Return the following data exactly, with all pictures left out.

Supplied material ::

┌────────

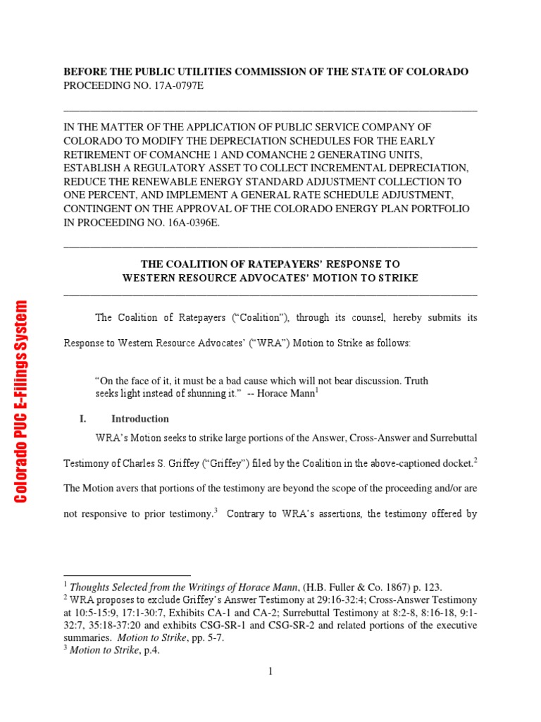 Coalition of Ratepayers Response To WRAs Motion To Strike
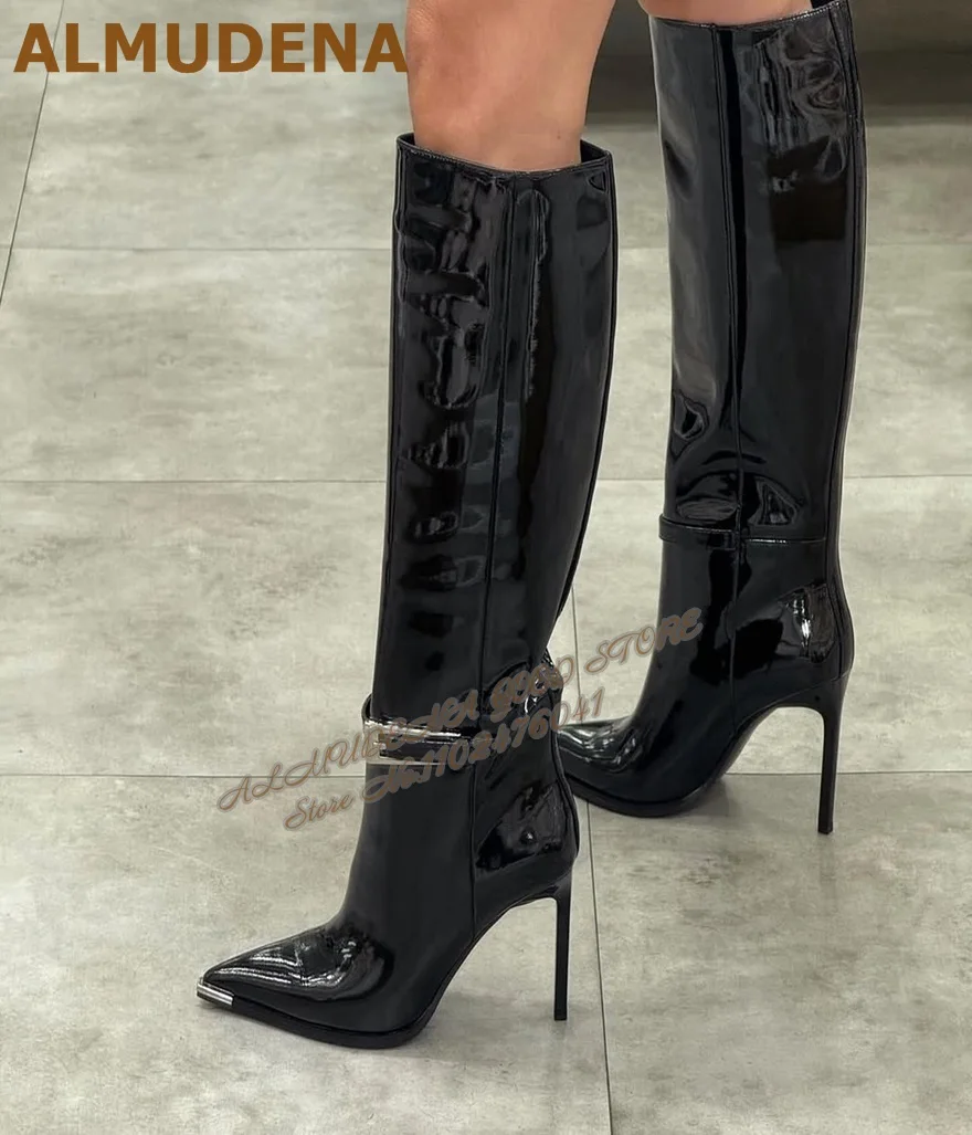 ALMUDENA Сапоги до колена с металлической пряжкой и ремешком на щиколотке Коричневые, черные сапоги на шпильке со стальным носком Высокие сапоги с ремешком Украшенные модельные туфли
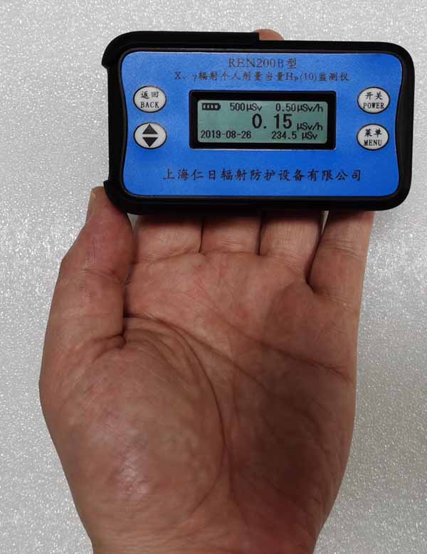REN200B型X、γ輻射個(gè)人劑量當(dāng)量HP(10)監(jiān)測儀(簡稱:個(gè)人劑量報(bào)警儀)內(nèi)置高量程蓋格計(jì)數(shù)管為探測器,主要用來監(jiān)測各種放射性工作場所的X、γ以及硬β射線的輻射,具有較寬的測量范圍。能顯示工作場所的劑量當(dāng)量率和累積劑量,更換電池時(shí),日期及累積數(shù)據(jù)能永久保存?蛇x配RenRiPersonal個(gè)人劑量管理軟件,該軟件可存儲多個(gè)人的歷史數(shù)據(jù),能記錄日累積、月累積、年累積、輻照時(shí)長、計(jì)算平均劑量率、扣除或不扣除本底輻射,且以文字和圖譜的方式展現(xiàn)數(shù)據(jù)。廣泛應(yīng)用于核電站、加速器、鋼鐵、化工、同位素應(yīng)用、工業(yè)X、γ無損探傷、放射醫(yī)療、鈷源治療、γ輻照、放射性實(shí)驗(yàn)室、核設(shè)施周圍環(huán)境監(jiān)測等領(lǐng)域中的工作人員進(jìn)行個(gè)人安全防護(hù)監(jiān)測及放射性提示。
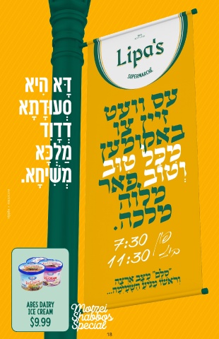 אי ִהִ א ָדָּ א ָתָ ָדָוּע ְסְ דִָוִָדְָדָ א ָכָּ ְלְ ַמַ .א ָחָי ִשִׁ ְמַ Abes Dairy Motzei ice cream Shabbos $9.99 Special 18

└────────

Response area ::
 Coalition of Ratepayers Response To WRAs Motion To Strike
 ALMUDENA Сапоги до колена с металлической пряжкой и ремешком на щиколотке Коричневые, черные сапоги на шпильке со стальным носком Высокие сапоги с ремешком Украшенные модельные туфли
REN200B型X、γ輻射個(gè)人劑量當(dāng)量HP(10)監(jiān)測儀(簡稱:個(gè)人劑量報(bào)警儀)內(nèi)置高量程蓋格計(jì)數(shù)管為探測器,主要用來監(jiān)測各種放射性工作場所的X、γ以及硬β射線的輻射,具有較寬的測量范圍。能顯示工作場所的劑量當(dāng)量率和累積劑量,更換電池時(shí),日期及累積數(shù)據(jù)能永久保存?蛇x配RenRiPersonal個(gè)人劑量管理軟件,該軟件可存儲多個(gè)人的歷史數(shù)據(jù),能記錄日累積、月累積、年累積、輻照時(shí)長、計(jì)算平均劑量率、扣除或不扣除本底輻射,且以文字和圖譜的方式展現(xiàn)數(shù)據(jù)。廣泛應(yīng)用于核電站、加速器、鋼鐵、化工、同位素應(yīng)用、工業(yè)X、γ無損探傷、放射醫(yī)療、鈷源治療、γ輻照、放射性實(shí)驗(yàn)室、核設(shè)施周圍環(huán)境監(jiān)測等領(lǐng)域中的工作人員進(jìn)行個(gè)人安全防護(hù)監(jiān)測及放射性提示。
 אי ִהִ א ָדָּ א ָתָ ָדָוּע ְסְ דִָוִָדְָדָ א ָכָּ ְלְ ַמַ .א ָחָי ִשִׁ ְמַ Abes Dairy Motzei ice cream Shabbos $9.99 Special 18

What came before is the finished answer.